Post by DumbJaques »

I guess it depends on what you mean by spectator sport, but I think that quizbowl is actually the ultimate spectator sport. You can actually participate in what's going on...to some extent, anyway. Instead of saying, "I bet I could have caught that pass way better than [fill in athlete] just did," you can actually go, "Hello, the answer is Garcia Marquez and I knew that at the 'A Very Old Man with Enormous Wings' clue," or whatever. You can play against competing quizzers in your head if you want to. You can't do that with baseball or football or whatever.
Well, not really - your observation's quite right, but sadly I think it proves the opposite point.

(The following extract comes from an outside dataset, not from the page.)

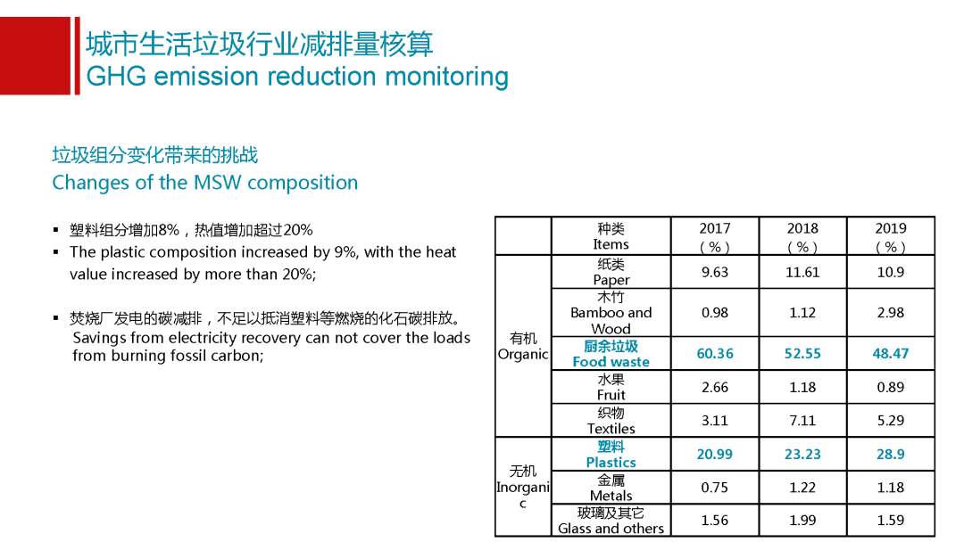 另外一點(diǎn),我還想分享的是垃圾組分給我們整個垃圾行業(yè)帶來的挑戰(zhàn),很多時候會說整個事情的發(fā)展都是日新月異的,我們能夠看到我們垃圾的成分也有非常明顯的變化。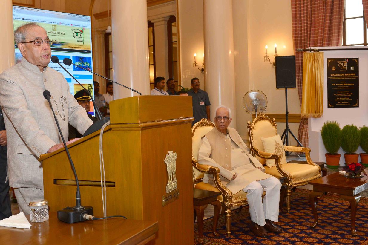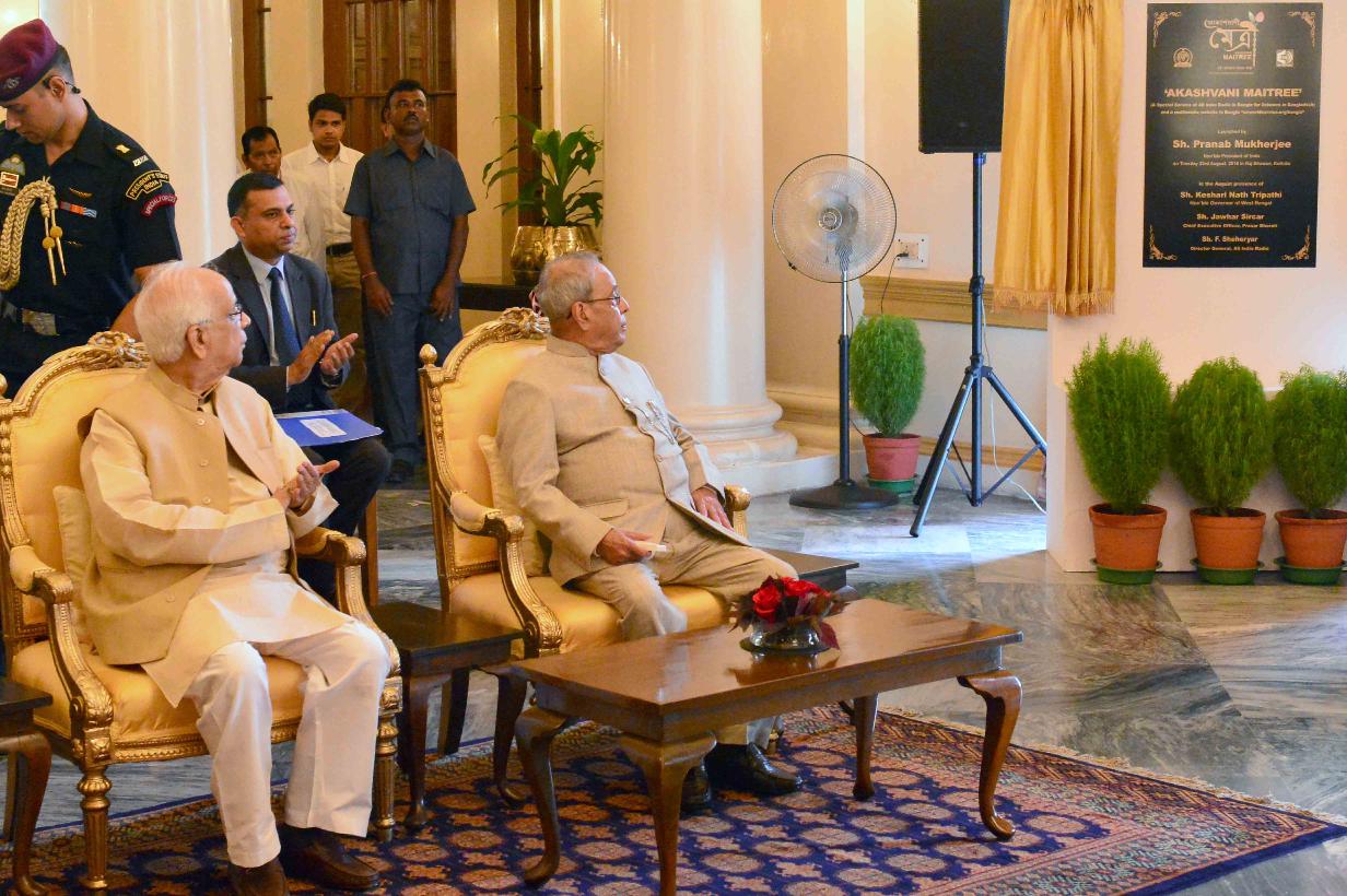 | Caption: | The President of India, Shri Pranab Mukherjee launching the Akasvani's Moitree Service in Bangla for Listeners in Bangladesh, at Raj Bhavan, in Kolkata on August 23, 2016. |

The average dude sitting at home saying "I could have caught THAT ball, Wes Welker" can actually delude himself into thinking that's true due to his imposing ignorance of football, a hilariously inflated idea of his own abilities, and/or large quantities of alcohol. But that guy CAN'T delude himself into thinking "I could have powered that tossup on Quantum Loop Gravity before you, Seth Teitler!" Mainly, because that guy has no effing idea what in the world that is.

Also it really does take at least a month or so (minimum) of playing questions and being around quizbowl to really follow what's happening in a given tossup. You know how new people spend their first few practices buzzing on all the bonuses? That's quizbowl's spectator potential in a nutshell, right there.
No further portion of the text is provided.